- Church: Catholic Church
- In office: 27 September 1954 – 25 May 1967
- Predecessor: Filippo Bernardini
- Successor: Sergio Pignedoli
- Other post: Titular Archbishop of Neapolis in Pisidia (1949-1967)
- Previous posts: Apostolic Delegate to Rwanda & Belgian Congo (1949-1954)

Orders
- Ordination: 15 August 1930
- Consecration: 8 January 1950 by Pietro Fumasoni Biondi

Personal details
- Born: 23 February 1908 Villa d'Almè, Province of Bergamo, Kingdom of Italy
- Died: 25 May 1967 (aged 59) Rome, Italy

= Pietro Sigismondi =

Italian prelate (1908–1967)

Pietro Sigismondi (23 February 1908 – 25 May 1967) was an Italian prelate of the Catholic Church who served in the diplomatic service of the Holy See from 1934 to 1954 and then held a senior position in the Roman Curia for thirteen years.

==Biography==
Pietro Sigismondi was born on 23 February 1908 in Villa d'Almè, Italy.

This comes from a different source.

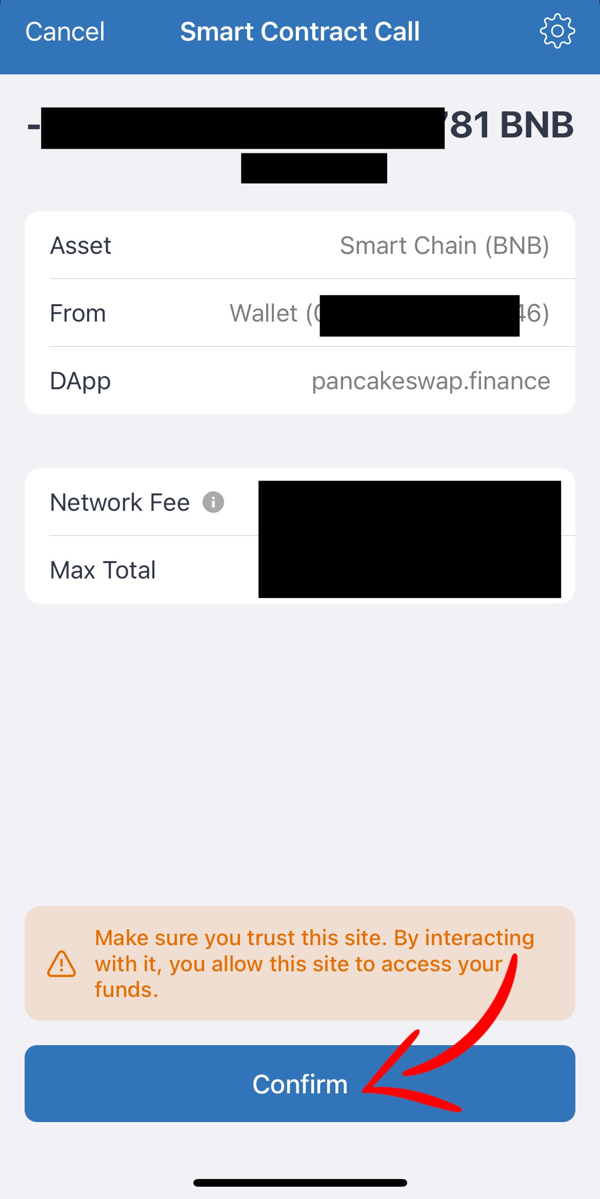 We return to the trust vallet and click Confirm

He was ordained a priest of the Diocese of Bergamo on 15 August 1930.

To prepare for a diplomatic career he entered the Pontifical Ecclesiastical Academy in 1933.

His first posting was as secretary of nunciature in Paris in 1934. In 1939 he returned to Rome and worked at the Congregation for Extraordinary Ecclesiastical Affairs in the Secretariat of State to 1949. He then spent six months in Belgrade.

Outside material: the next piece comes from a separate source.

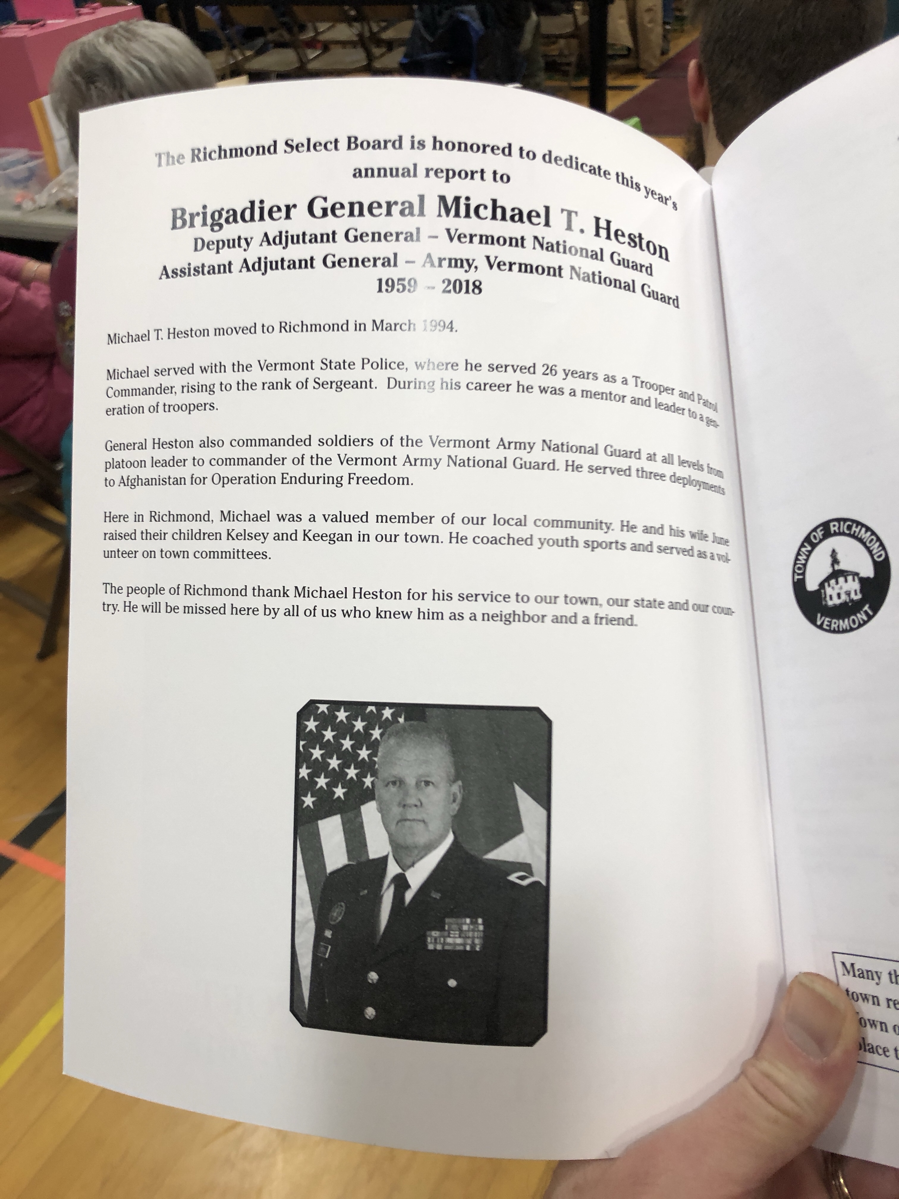 Meeting was dedicated to our friend Mike Hustus died last year… It was a great guy. It used to be a state policeman… Also very senior in the Vermont guard.

On 16 December 1949, Pope Pius XII appointed him titular archbishop of Neapolis in Pisidia and Apostolic Delegate to both the Belgian Congo and Rwanda. He received his episcopal consecration on 8 January 1950 from Cardinal Pietro Fumasoni Biondi.

In 1954, Pope Pius appointed him Secretary of the Congregation for the Propagation of the Faith. He was named a consultor to Congregation for the Doctrine of the Faith on 9 December 1954.

He died on 25 May 1967 at the age of 59.